The golden rules for Amazon Redshift optimization
Customize Workload Management
Workload management in Redshift means optimizing the queues. This includes the correct selection of queues, the assignment of queries, and the allocation of memory.
Although automated workload management and concurrency scaling have greatly improved workload management, workload management is a critical point in ensuring a scalable system (and one of the weak points of Redshift)
Since Redshift Workload Management is primarily based on queuing queries, very unstable runtimes can be expected if misconfigured. Consider switching from manual WLM to automatic WLM, in which queues and their queries can be prioritized.
Consider whether concurrency scaling (for read-only workload) or short query acceleration makes sense in your environment.
Use Column Encoding for compression
Consider compressing columns. This reduces the storage space and I/Os needed by queries.
Do not use Redshift for OLTP queries
Redshift is entirely unsuitable for this kind of workload. Not only because it is a column store but also because no indexes can be used (as in Teradata columnar).
Choose the proper method to distribute the data.
Use the DISTKEY to help Amazon Redshift join large tables.
Use EVEN if no suitable DISTKEY exists to avoid skew.
Copy lookups to all slices.
Maintenance of your Amazon Redshift statistics
Only if the statistics are correct will memory be reserved for the query plan created in the correct size.

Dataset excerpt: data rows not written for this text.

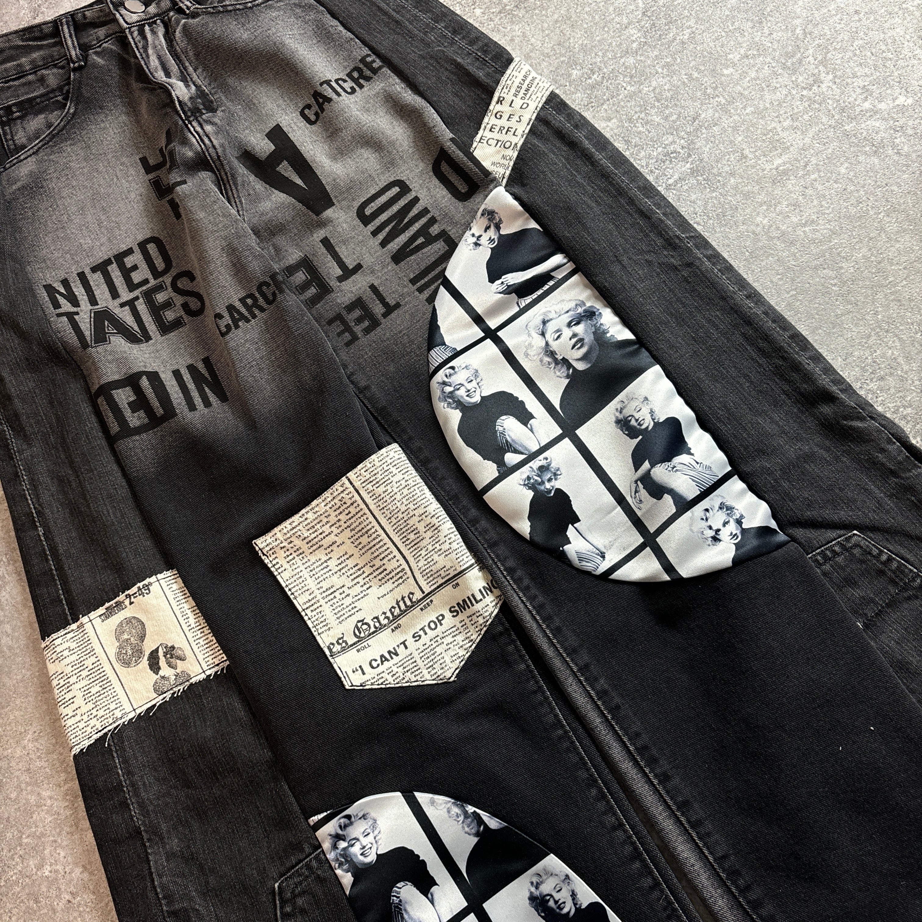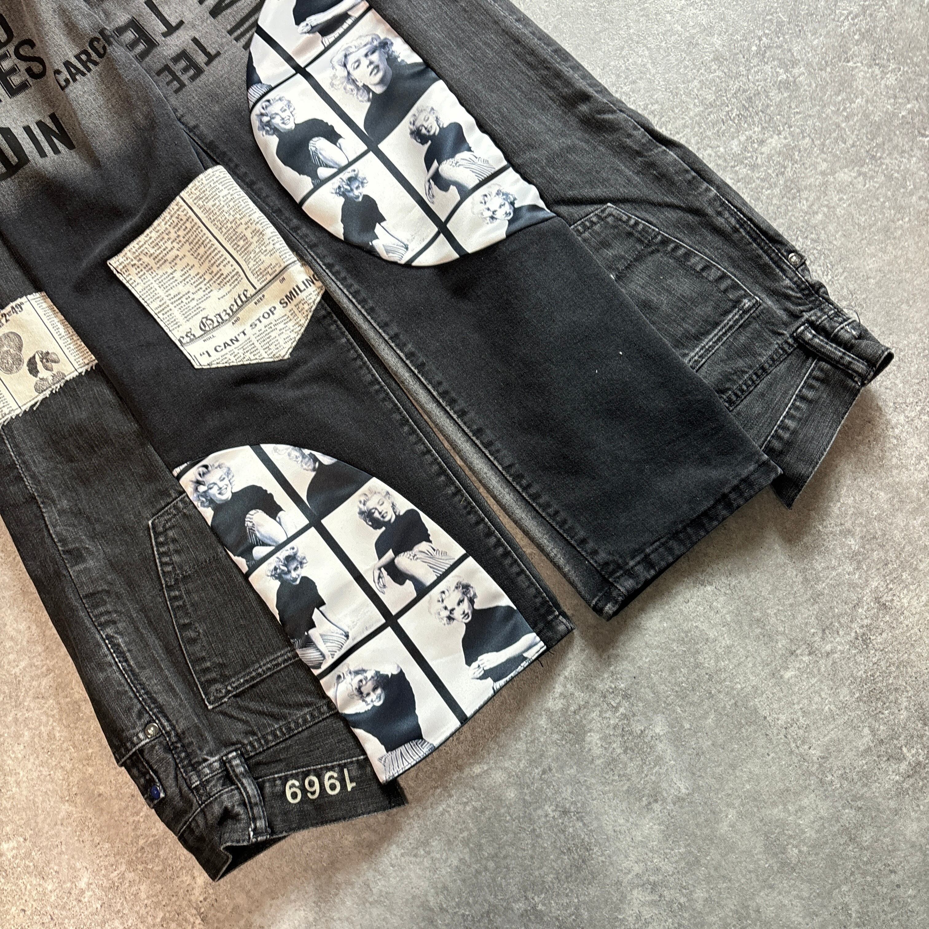 ブラックデニム再構築 グラフィックドッキング ワイドパンツ vol.127
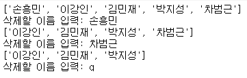 (1) input()문으로 삭제할 아이템 이름을 받는다. (2) while 반복문을 이용하여 해결한다. 예) sportsPeople = ['손흥민', '이강인', '김민재', '박지성', '차범근']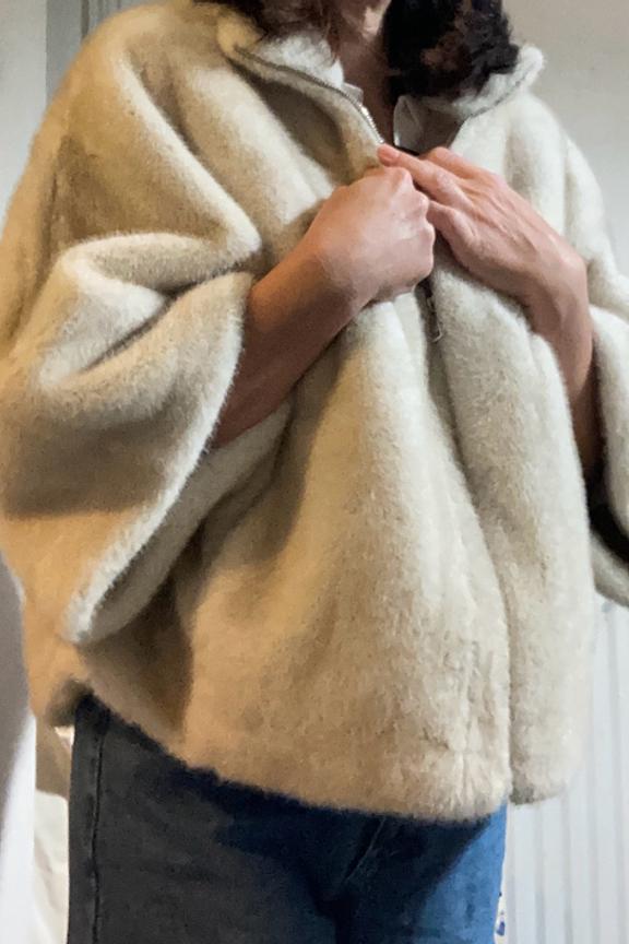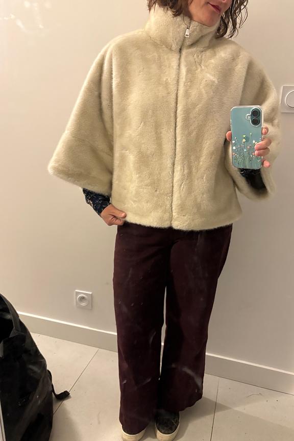Associez cette veste à un jean ajusté et des bottines pour un look chic en plein hiver. • Veste en fausse fourrure • Coupe ample • Manches trois-quarts • Fermeture éclair • Col montant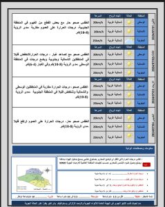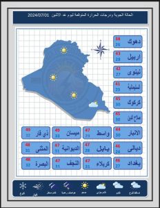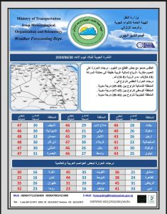 أعلنت هيئة الأنواء الجوية، اليوم الاحد ، حالة الطقس في البلاد للأيام المقبلة، فيما توقعت تذبذب درجات الحرارة مع تصاعد للغبار في مناطق متفرقة.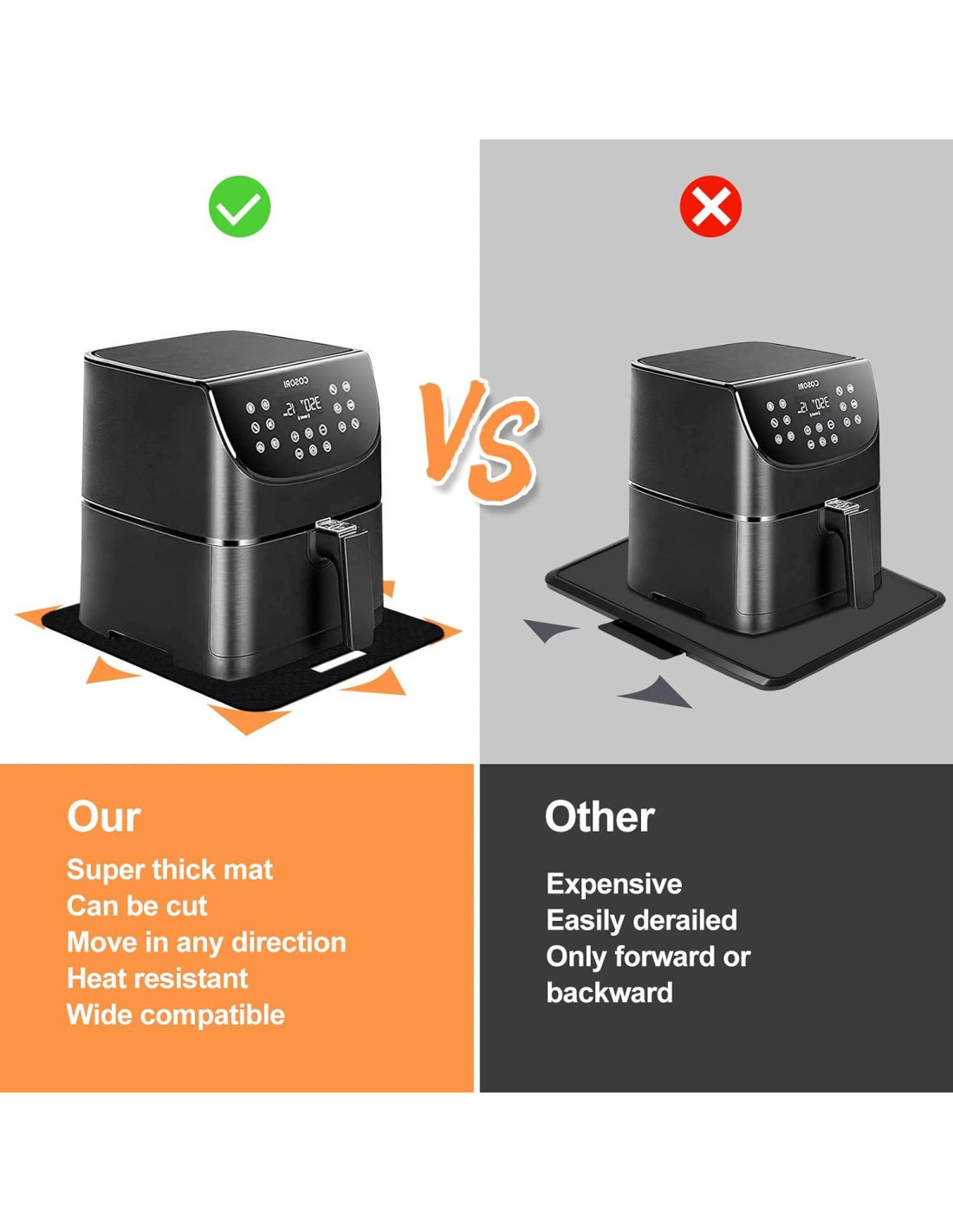 - Cortar para Usar - Estas alfombrillas resistentes al calor para freidora de aire se pueden personalizar mediante corte DIY de acuerdo con la forma real de la base de pequeños electrodomésticos, sin afectar la estética de la apariencia de su máquina, ocultando ingeniosamente la bandeja deslizante.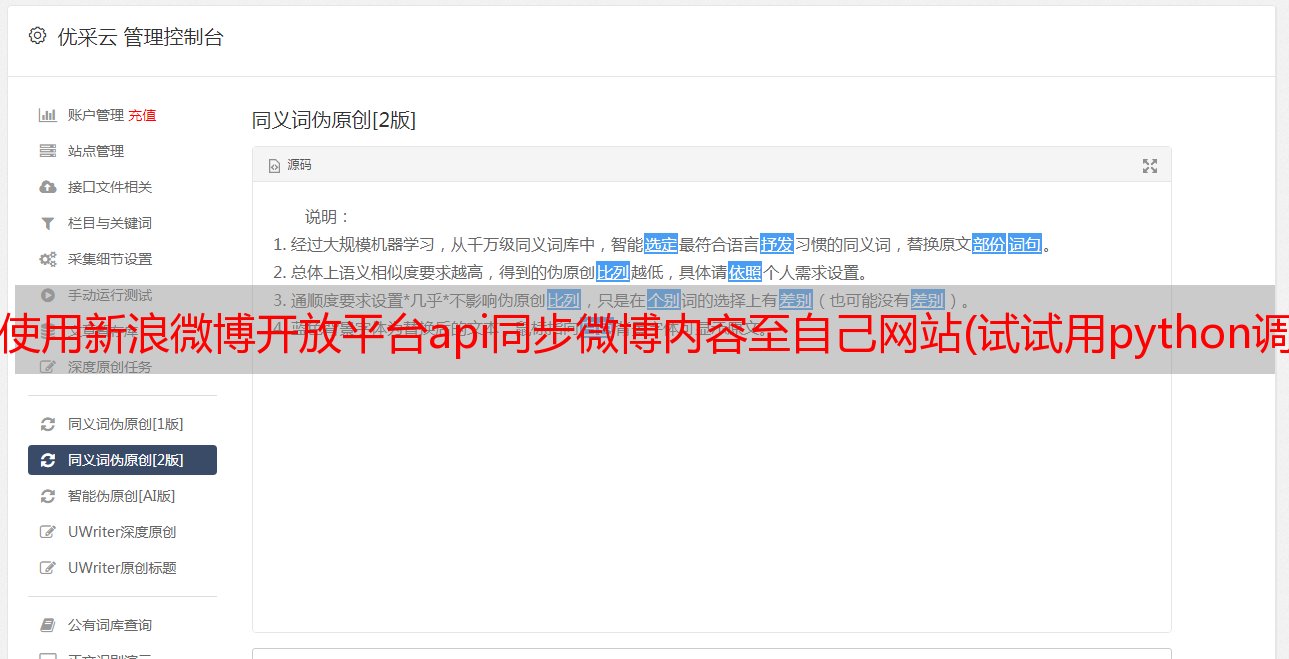 优采云 发布时间: 2021-12-10 10:13使用新浪微博开放平台api同步微博内容至自己网站(试试用python调用微博API的SDK授权所必须的

If too much memory is reserved, the other queries in the same queue are missing and are delayed.
If too little memory is reserved, it is possible that the memory must be buffered. The query will then be much slower.
Execute the ANALYZE command regularly.
Release space regularly
As Rows’ space in Amazon Redshift is not automatically freed after a DELETE or UPDATE this must be done manually. This is done with the VACUUM FULL command. Space is released, and the rows are sorted by SORTKEY. This is regularly necessary to maintain performance.
Write better queries
Here are two examples:
Since we are dealing with a column store, you should always select only the required columns to minimize the I/Os.
Also, restrict your queries with a WHERE condition whenever possible to minimize the scans.